═══ TASK DATA

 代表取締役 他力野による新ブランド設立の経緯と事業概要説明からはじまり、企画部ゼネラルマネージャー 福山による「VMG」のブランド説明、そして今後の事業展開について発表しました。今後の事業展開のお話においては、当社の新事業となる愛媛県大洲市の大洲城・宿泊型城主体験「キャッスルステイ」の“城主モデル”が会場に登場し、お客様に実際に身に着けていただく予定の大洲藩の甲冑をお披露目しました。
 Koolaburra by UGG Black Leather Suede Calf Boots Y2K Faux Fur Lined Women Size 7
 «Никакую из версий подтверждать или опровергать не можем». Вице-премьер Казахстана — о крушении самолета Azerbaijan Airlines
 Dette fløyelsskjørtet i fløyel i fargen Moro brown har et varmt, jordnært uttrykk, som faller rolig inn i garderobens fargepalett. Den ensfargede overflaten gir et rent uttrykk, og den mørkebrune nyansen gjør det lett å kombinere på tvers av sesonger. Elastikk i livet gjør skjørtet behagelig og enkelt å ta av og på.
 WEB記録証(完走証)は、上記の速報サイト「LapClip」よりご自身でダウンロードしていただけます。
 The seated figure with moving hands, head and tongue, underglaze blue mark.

══════
═══ TASK DATA

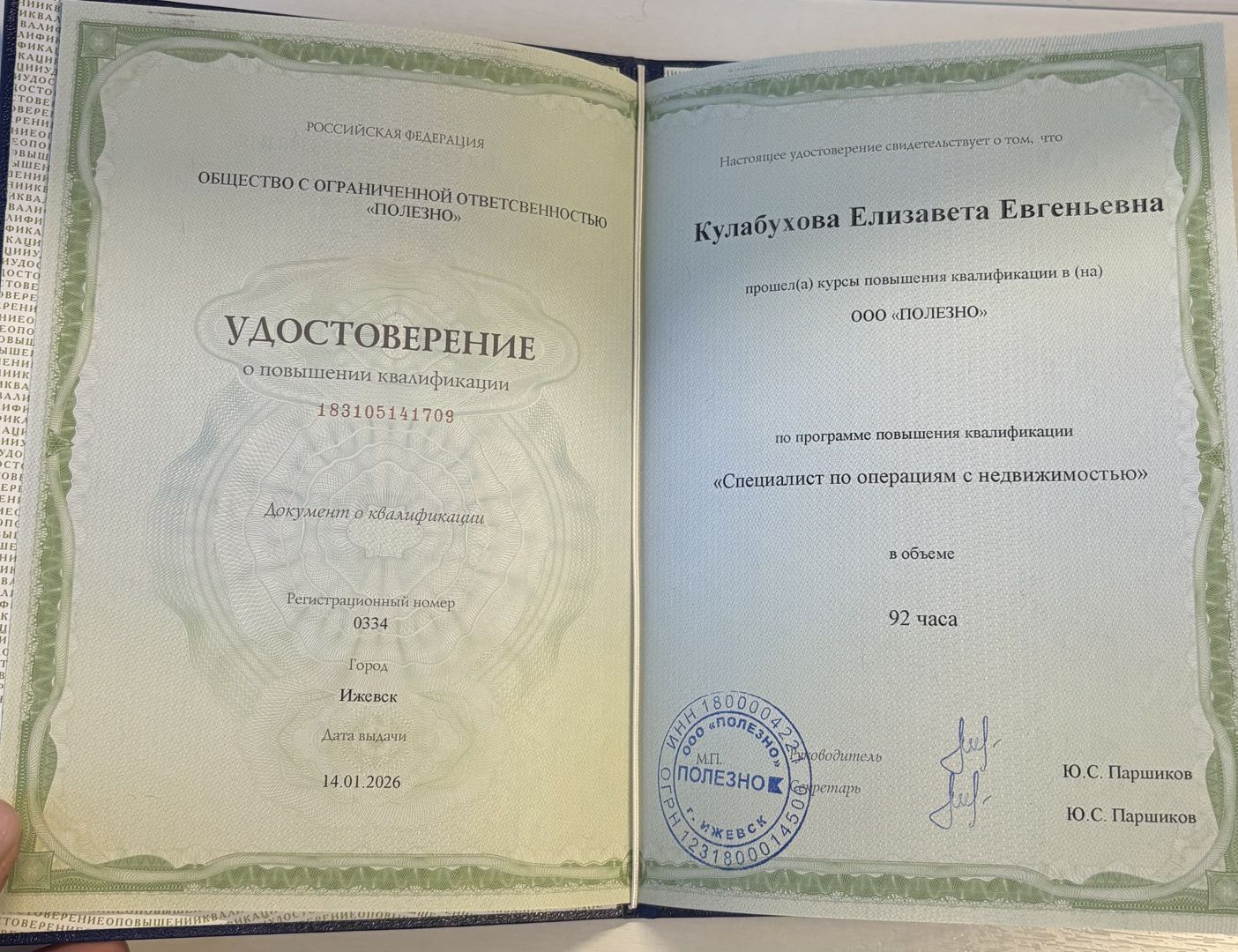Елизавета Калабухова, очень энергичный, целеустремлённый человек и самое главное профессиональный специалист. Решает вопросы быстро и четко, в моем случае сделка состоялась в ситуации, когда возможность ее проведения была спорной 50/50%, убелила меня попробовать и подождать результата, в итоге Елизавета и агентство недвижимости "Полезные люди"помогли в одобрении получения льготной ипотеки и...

══════
═══ TASK DATA

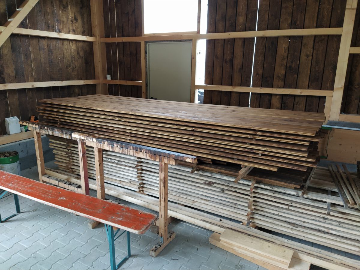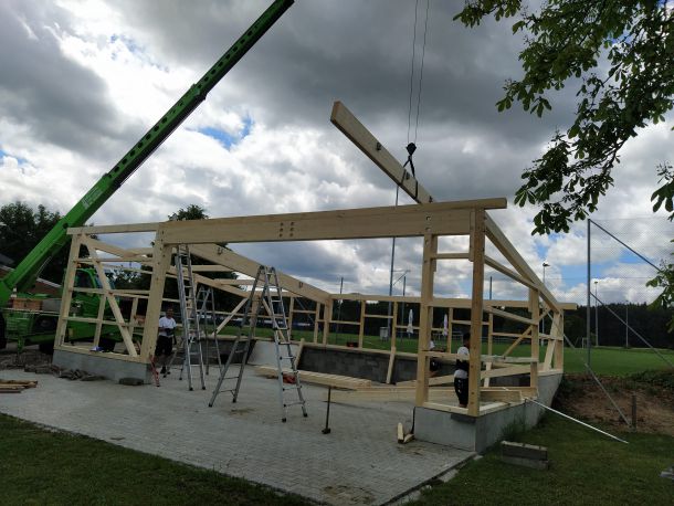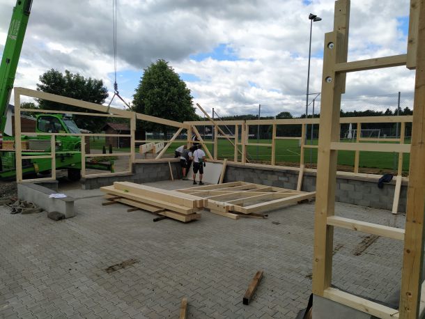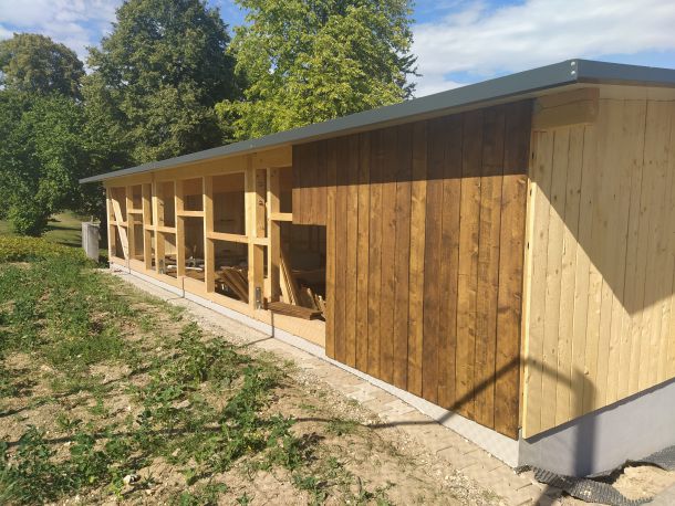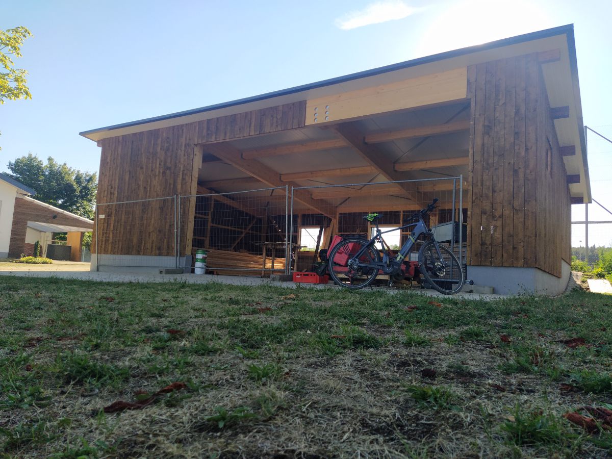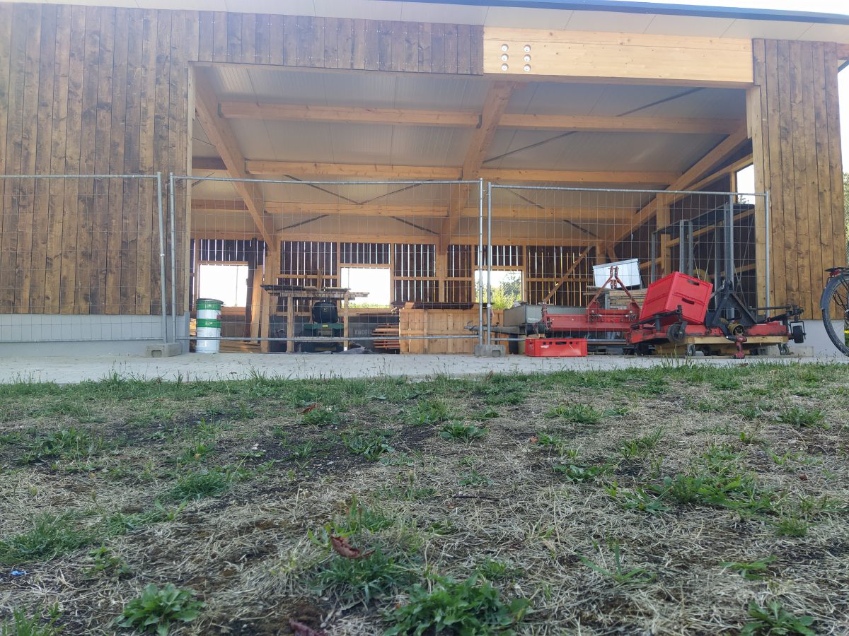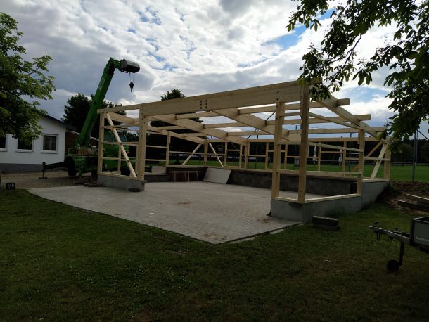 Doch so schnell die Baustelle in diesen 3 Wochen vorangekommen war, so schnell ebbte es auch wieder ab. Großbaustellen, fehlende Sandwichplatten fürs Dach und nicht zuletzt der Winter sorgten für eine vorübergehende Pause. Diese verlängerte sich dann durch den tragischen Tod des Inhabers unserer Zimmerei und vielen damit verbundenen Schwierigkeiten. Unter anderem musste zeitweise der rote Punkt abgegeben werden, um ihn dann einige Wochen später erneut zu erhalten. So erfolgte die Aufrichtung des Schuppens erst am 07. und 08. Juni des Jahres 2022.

══════

THE TASK »
Everything from the line with "Dette fløyelsskjørtet i" through the line with "The seated figure" in the listing above must be retyped exactly, with nothing added.

REPLY TO THE TASK »
 Dette fløyelsskjørtet i fløyel i fargen Moro brown har et varmt, jordnært uttrykk, som faller rolig inn i garderobens fargepalett. Den ensfargede overflaten gir et rent uttrykk, og den mørkebrune nyansen gjør det lett å kombinere på tvers av sesonger. Elastikk i livet gjør skjørtet behagelig og enkelt å ta av og på.
 WEB記録証(完走証)は、上記の速報サイト「LapClip」よりご自身でダウンロードしていただけます。
 The seated figure with moving hands, head and tongue, underglaze blue mark.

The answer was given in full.